[Information shown]

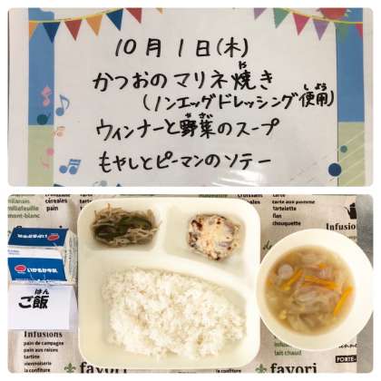 今日の献立は、かつおのマリネ焼き・ウインナーと野菜のスープ・もやしとピーマンのソテー・ごはん・牛乳でした。
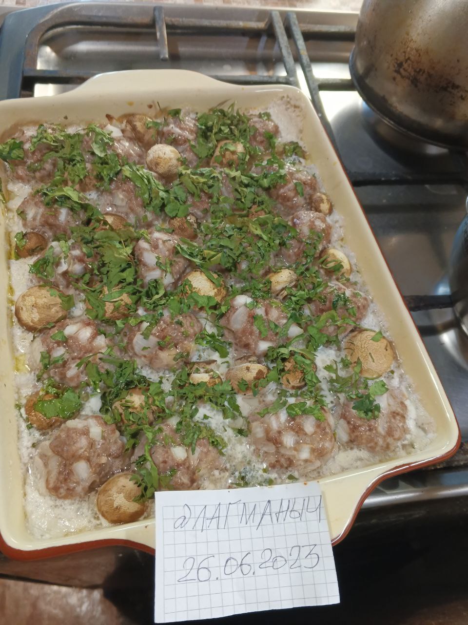 Теперь заливаем сливки , стараясь каждую фрикадельку полить сливками , посыпаем сверху рубленой зеленью, и ставим в разогретую до 180 градусов духовку на 45 минут
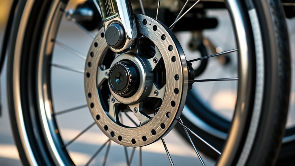Braking safety is equally vital, and dynamic systems excel in this area by providing precise control over stopping power. When you activate the brakes, sensors quickly assess the speed and weight distribution of the wheelchair, adjusting the braking force accordingly. This ensures a smooth and controlled halt, even on slopes or uneven surfaces. These systems are designed to prevent sudden jerks or slips, which could cause imbalance or falls. Additionally, many dynamic brakes feature automatic engagement when the wheelchair detects an incline or sudden acceleration, further enhancing safety. This proactive approach reduces the risk of accidents and gives you peace of mind while you’re moving around, especially in unpredictable environments.

[/Information shown]

Directions: Nothing but the text of the listing should be set down, exactly, with the pictures left behind.

Reply:
 今日の献立は、かつおのマリネ焼き・ウインナーと野菜のスープ・もやしとピーマンのソテー・ごはん・牛乳でした。
 Теперь заливаем сливки , стараясь каждую фрикадельку полить сливками , посыпаем сверху рубленой зеленью, и ставим в разогретую до 180 градусов духовку на 45 минут
Braking safety is equally vital, and dynamic systems excel in this area by providing precise control over stopping power. When you activate the brakes, sensors quickly assess the speed and weight distribution of the wheelchair, adjusting the braking force accordingly. This ensures a smooth and controlled halt, even on slopes or uneven surfaces. These systems are designed to prevent sudden jerks or slips, which could cause imbalance or falls. Additionally, many dynamic brakes feature automatic engagement when the wheelchair detects an incline or sudden acceleration, further enhancing safety. This proactive approach reduces the risk of accidents and gives you peace of mind while you’re moving around, especially in unpredictable environments.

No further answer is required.